Software stack
The purpose of this page is to provide an overview of the layered architecture of ABB Ability™ History.
Overview
A key feature of ABB Ability™ History is to store data from devices and provide the data for the applications and users in an easy to use format.
You can think of this in terms of layers, where the data producers are at the bottom and the consumers are at the top. Between these, History binds these together, making the raw data produced by the devices to be easily usable by the consumers.
Layered architecture
In this section, we're going to introduce all the layers inside ABB Ability™ History. For each layer, we're going to explain the purpose of this layer and how it relates to other layers.
Producing data
The components in device connectivity layer receive data from the devices. These components write the data into the data storage layer. The data storage layer contains the data processing, aggregation, and storing to the database.
Using data
When clients want to use data, they use the external interfaces that service layer provides. These external interfaces have been built on top of the data abstraction interface, named VtrinLib. VtrinLib provides an ORM like abstraction on top of the data storage and exposes all the data within the same metainformation model.

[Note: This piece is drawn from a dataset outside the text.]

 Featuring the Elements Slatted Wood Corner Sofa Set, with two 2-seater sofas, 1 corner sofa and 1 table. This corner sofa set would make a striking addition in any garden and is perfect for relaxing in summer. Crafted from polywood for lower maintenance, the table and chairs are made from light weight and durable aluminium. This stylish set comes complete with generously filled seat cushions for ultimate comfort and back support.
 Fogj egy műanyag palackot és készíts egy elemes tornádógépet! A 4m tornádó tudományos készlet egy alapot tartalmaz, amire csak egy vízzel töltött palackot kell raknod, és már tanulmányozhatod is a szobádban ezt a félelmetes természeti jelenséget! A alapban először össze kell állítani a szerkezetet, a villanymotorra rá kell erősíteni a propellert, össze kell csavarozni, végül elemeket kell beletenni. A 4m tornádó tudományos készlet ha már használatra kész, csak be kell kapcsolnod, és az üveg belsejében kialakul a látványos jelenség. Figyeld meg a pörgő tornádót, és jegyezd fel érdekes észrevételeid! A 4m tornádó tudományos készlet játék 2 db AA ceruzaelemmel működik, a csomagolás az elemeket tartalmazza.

The Vtrin driver layer implements the drivers for the data storage solutions. This layer translates VtrinLib calls to the API calls of the particular data storage in question.

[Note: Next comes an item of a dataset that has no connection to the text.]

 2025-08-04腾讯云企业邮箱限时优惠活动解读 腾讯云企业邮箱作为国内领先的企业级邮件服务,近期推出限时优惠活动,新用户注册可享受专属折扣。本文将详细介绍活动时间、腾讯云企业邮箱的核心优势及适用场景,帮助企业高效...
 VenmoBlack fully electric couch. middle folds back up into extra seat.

The layered architecture of ABB Ability™ History.
Device connectivity layer
Starting from the bottom of the stack, we have the Device connectivity layer. The purpose of this layer is to connect and implement data acquisition from the devices. The data collection is implemented with the active part (client ) in the device connectivity layer and the device is acting as the server.
When History starts, the RTDB-ServiceManager service starts active protocol services that communicate with the devices. Each service reads its configuration from the database. Based on this configuration, the connections to the Data Producers are established.

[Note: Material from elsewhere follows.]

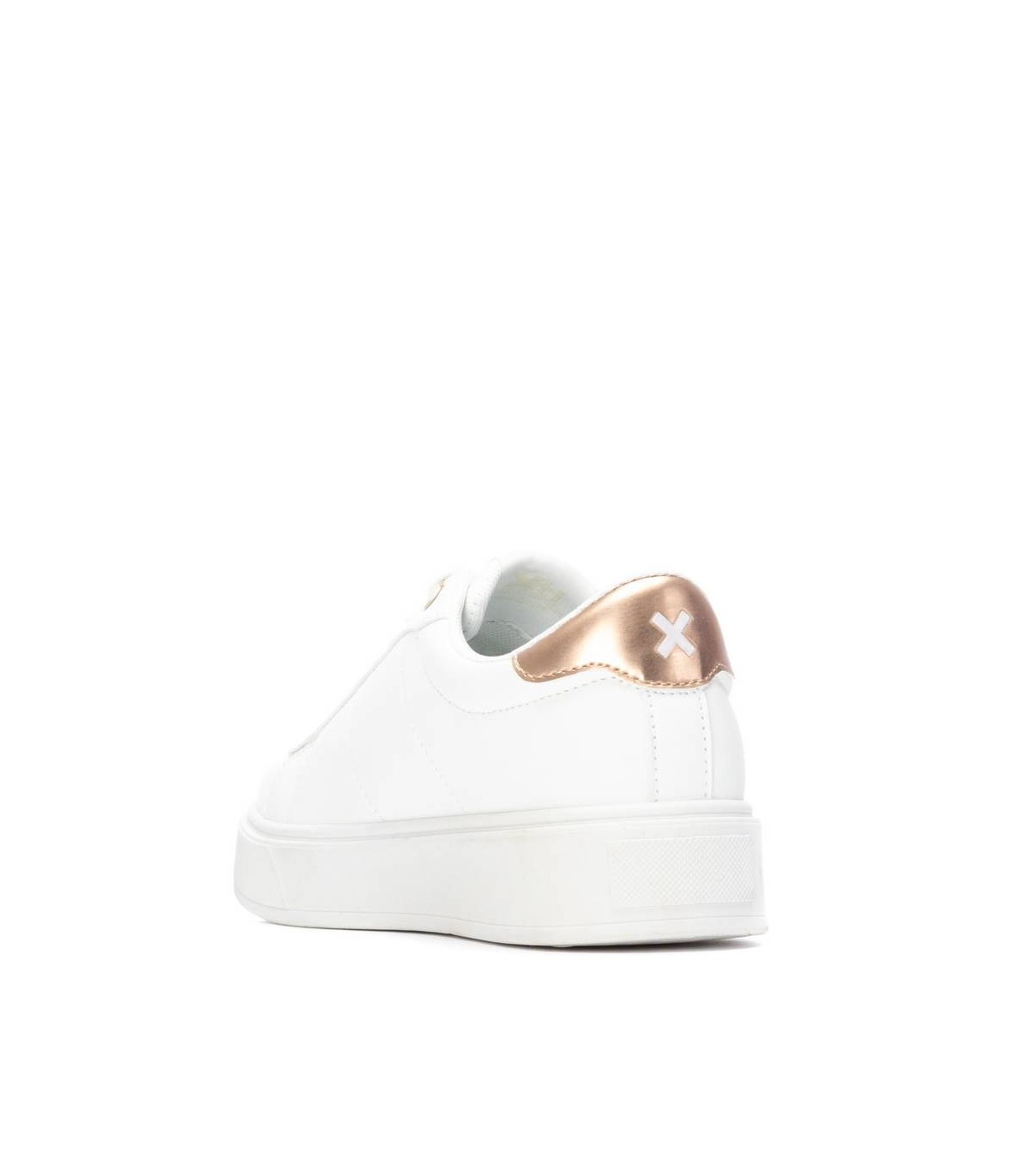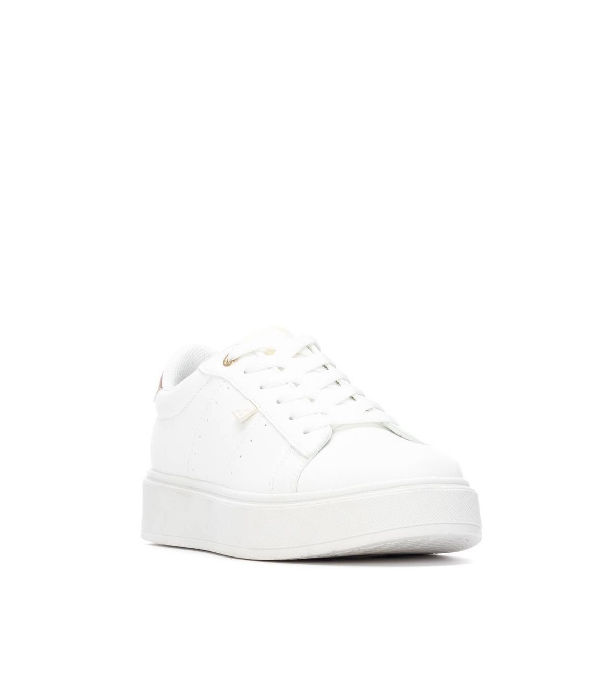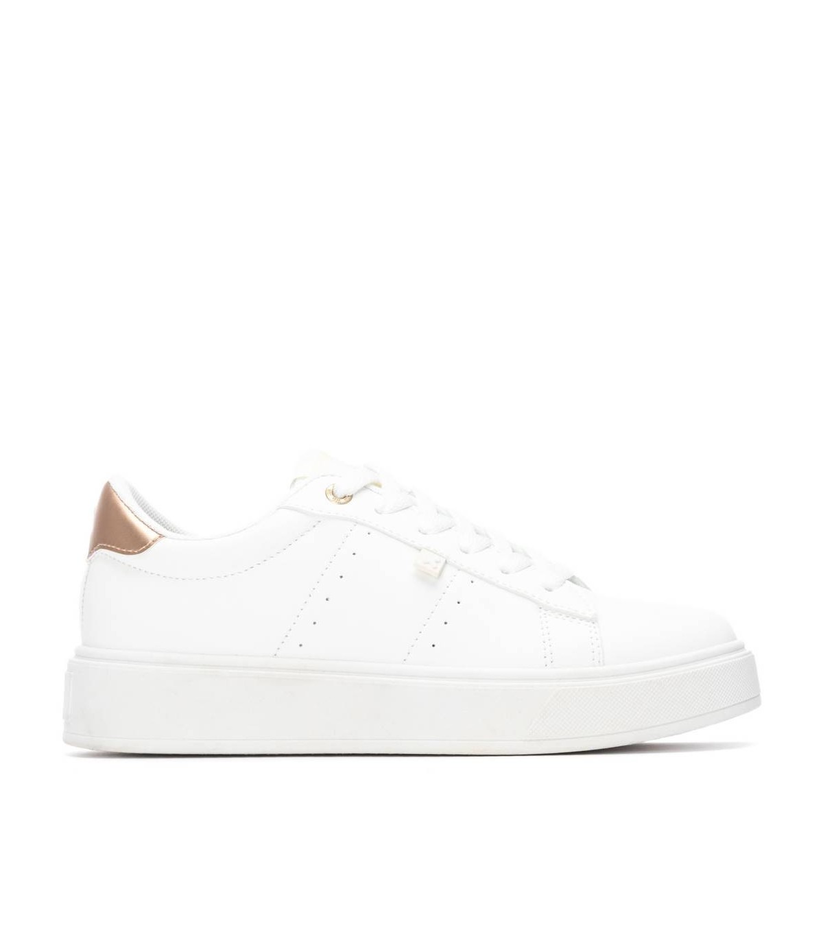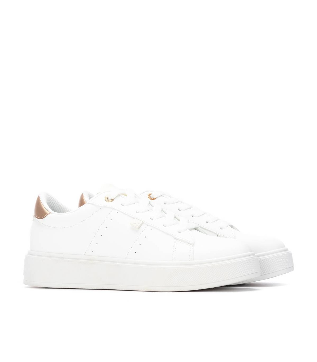 Zapatilla de mujer, de la marca Xti Basic. Fabricada en material que imita la piel, con un pequeño detalle de puntos en el lateral que aporta un toque moderno. Suela plana de 4 cm que brinda comodidad y estabilidad. Además, cuenta con un detalle metalizado en la talonera que añade un toque de elegancia. Con cordones para un ajuste personalizado y seguro. Con plantilla extraíble. Este modelo ha obtenido el certificado vegano por la organización mundial PETA (Organización de los derechos de los animales).

The active protocol services get data from the Data Producers either by polling or by using subscriptions and callbacks. The services read the configuration and insert data into the database by using internal APIs designed for high-throughput data production.
History supports the following protocols for data acquisition:
- Classic OPC (DA, HDA, and AE)
- OPC UA
- Modbus TCP
The corresponding services are:
- In Windows, RTDB-EcOpcClient to classic OPC servers and UA Servers.
- In Linux, RTDB-OpcUAClient to OPC UA Servers.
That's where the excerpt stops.